Title: Homotopy associative, homotopy commutative universal spaces of
2-cell complexes.
Abstract: For any connected space X the James construction shows that
$\Omega\Sigma X$ is universal in the category of homotopy associative H-spaces
in the sense that any map from X to a homotopy associative H-space Y factors
through a uniquely determined H-map $F:\Omega\Sigma X \longrightarrow Y$. In
this talk we investigate the universal spaces of two-cell complexes in the
category of homotopy associative, homotopy commutative $H$-spaces. The universal
spaces we obtain generalise a result of Cohen, Moore, and Neisendorfer
concerning odd dimensional odd-primary Moore spaces.
First Talk: A bordism approach to string topology.
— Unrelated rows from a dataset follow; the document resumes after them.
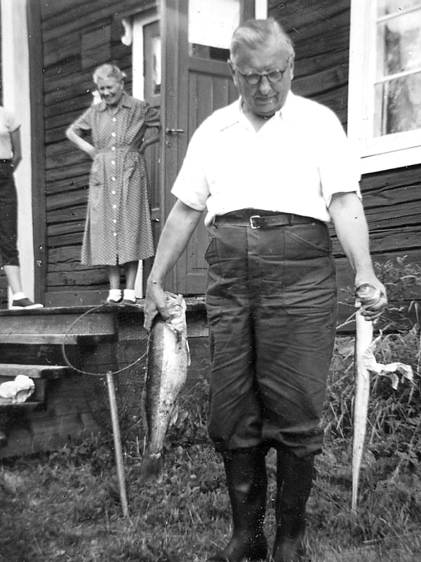 August Nyberg med fru, sommarboende i "Elma" gården, 1950-tal. August har
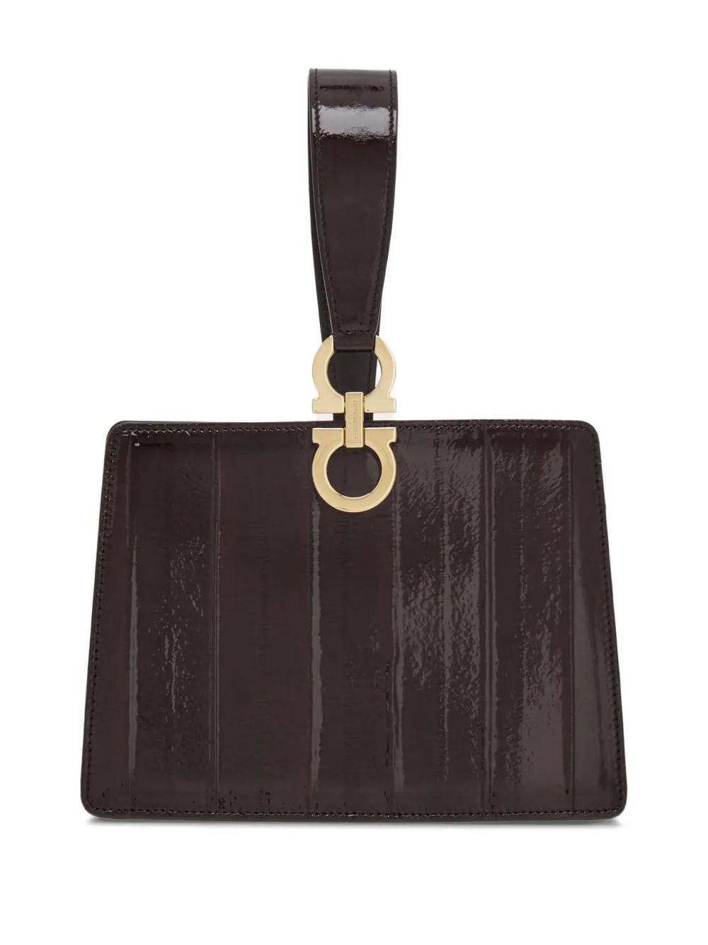 brown eel skin geometric silhouette magnetic closure Gancini wristlet vertical panel detailing This item comes from our partner boutiques in a variety of countries and cannot be shipped outside its region (either US, UAE, or the EU & UK). Please check the country of origin in the Shipping & Free Returns tab or your Shopping Bag to make sure it can be delivered to your location.
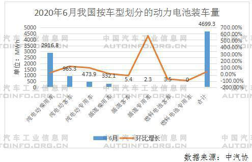 中國儲能網(wǎng)訊:2020年6月,中國動力電池裝車量恢復環(huán)比增長態(tài)勢,裝車量4.7GWh,環(huán)比大增34%;完全仰賴純電動客車及專用車的增長。新能源乘用車裝車量環(huán)比小幅上漲。
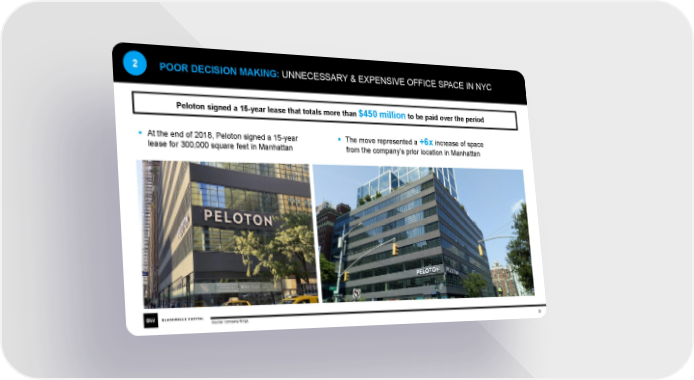 2 POOR DECISION MAKING: UNNECESSARY & EXPENSIVE OFFICE SPACE IN NYC Peloton signed a 15-year lease that totals more than $450 million to be paid over the period ▪ At the end of 2018, Peloton signed a 15-year ▪ The move represented a +6x increase of space lease for 300,000 square feet in Manhattan from the company’s prior location in Manhattan Source: Company filings. 31
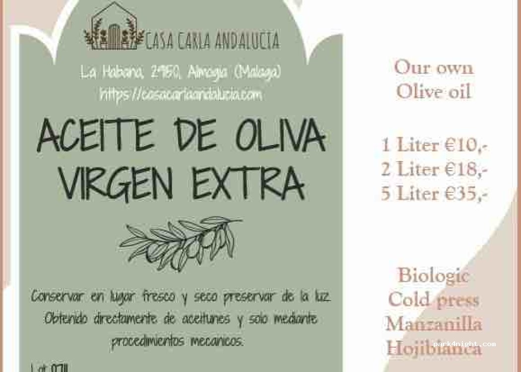Vendemos nuestro propio aceite de oliva virgen extra prensado en botellas de 1, 2 y 5 litros. Si te interesa, envíanos un mensaje o visítanos.

Abstract: In this talk I will explain how to use geometric homology theory in
order to construct the BV-structure of Chas and Sullivan on the homology of free
loop spaces. All these constructions will use transversality in the context of
infinite dimensional manifolds.
Second Talk: The homology of free loop spaces as a homological conformal field
theory.
Abstract: One of the most exciting conjecture in String topology is the fact the
homology of free loop spaces should be a homological conformal field theory,
this algebraic structure is very rich. We will explain that a Prop, namely the
homology of the Sullivan's chord diagrams, acts on the homology of free loop
spaces. The Prop of Sullivan's chord diagrams is very close to moduli spaces of
curves and this result unifies under the same algebraic structure: The BV
structure due to Chas and Sullivan and the Frobenius structure of Cohen and
Godin.